14 $ k = ($ upperbound-$ lowerbound) 1) * $ rnd $ lowerbound;
15 $ strMyKey = $ strMyKey. $ k;
16}
17 return $ strMyKey;
18}
19
20 // write the key into the file $ file_name
21 function write_key ($ key, $ file_name)
22 {
23 $ filename = 'C: \ key.txt ';
24 $ key = generate_key ($ key, 512 );
25
26 // open $ filename in add mode, and the file pointer will be at the end of the file
27 if (! $ Handle = fopen ($ filename, 'w '))
28 {
29 print 'file $ filename' cannot be opened ';
30 exit;
31}
32
33 // write $ key into the open file.
34 if (! Fwrite ($ handle, $ key ))
35 {
36 print 'cannot be written into the file $ filename ';
37 exit;
38}
39 fclose ($ handle );
40}
41
42 // read the key in the key file
43 function get_key ($ file_name)
44 {
45 // open the file
46 $ fp = fopen ($ file_name, 'r ');
47 $ result = '';
48 // read data row by row
49 while (! Feof ($ fp ))

50 {
51 $ buffer = fgets ($ fp, 4096 );
52 $ result = $ result. $ buffer;
53}
54 return $ result;
55}
56
57 ///*
58 $ KeyLocation = 'C: \ key.txt '; // File for retaining the key
59 $ key = '000000 ';
60 write_key ($ key, $ KeyLocation );
61 echo get_key ($ KeyLocation );
62 //*/
63?>
The code contains three functions.

· Generate _ key ($ len): The key with a natural length of $ len

· Write _ key ($ key, $ file_name): write the key into the file $ file_name

· Get _ key ($ file_name): reads the key value in the key file $ file_name

When a user logs on to the system for the first time in an application, the user takes the initiative to generate the key value for the user. There are two ways to process the key value.
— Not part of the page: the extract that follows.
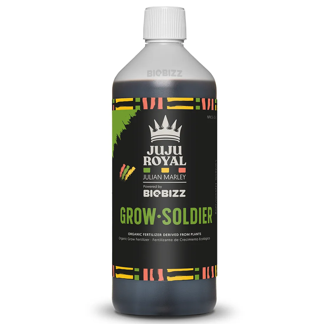 BioBizz Juju Royal Grow Soldier er en effektiv organisk vækstgødning, der understøtter dine planters vækst gennem hele dyrkningsperioden. Grow Soldier er egnet til alle typer substrater, vækstmedier og dyrkningsmetoder, og tilfører dine planter de nødvendige NPK-næringsstoffer, for en mere kraftig og sund vækst. Udover at fremme plantevæksten, stimulerer Grow Soldier også det mikrobielle liv i jorden, som er nødvendig for en optimal vækst. Du kan med fordel bruge Grow Soldier fra anden uge og frem, og kombinere den med Flowa Bloom og Green Mystic, for at skabe det helt perfekte miljø for dine planter. Udviklet af BioBizz i samarbejde med Juju Royal, for at give dine planter den bedste behandling fra start til slut.Sådan anvender du BioBizz Juju Royal Grow Soldier : Brug 1-4 ml. gødning pr. 1 liter vand, fra anden uge og gennem hele vækstperioden.

(1) store the key in a field of the database. The problem with this method is that the security of the key in the database cannot be guaranteed;

(2) keep the key in the user's local file, so that the key can be obtained by others. However, the problem with this method is that when the user uses other machines to visit the system, you cannot log on.

In this example, the following 2nd methods are applied.

Specifically, the code above is 11th ~ The 18 rows continuously generate keys by means of natural random numbers, and enhance their complexity through a single calculation. The values of lowerbound and upperbound are the ASCII character categories that you want to encrypt. The following is a natural example of a key file.

208123915925183361116049369344372701567721435181102718332639307390344373445407

524316475863232913993383189547474747394154915312639841226741894189965623523913

011164730113445201935692839710274127251577929493941487145611337531549110895367

593586318332391170941272701152344371709270125776235313540032267139933835677407

617384135696111239130732949469623520815987524358635491542913374933524334454251

400327015367133759324537171709152357391089524342514685239122673135531363151191

833412771743139654...

Finally, you need to keep the key in a secure place on the server, and then you can use it and other encryption algorithms such as XOR to encrypt/decrypt user information. How to apply this key to the XOR in the previous section is very simple and will not be detailed in detail.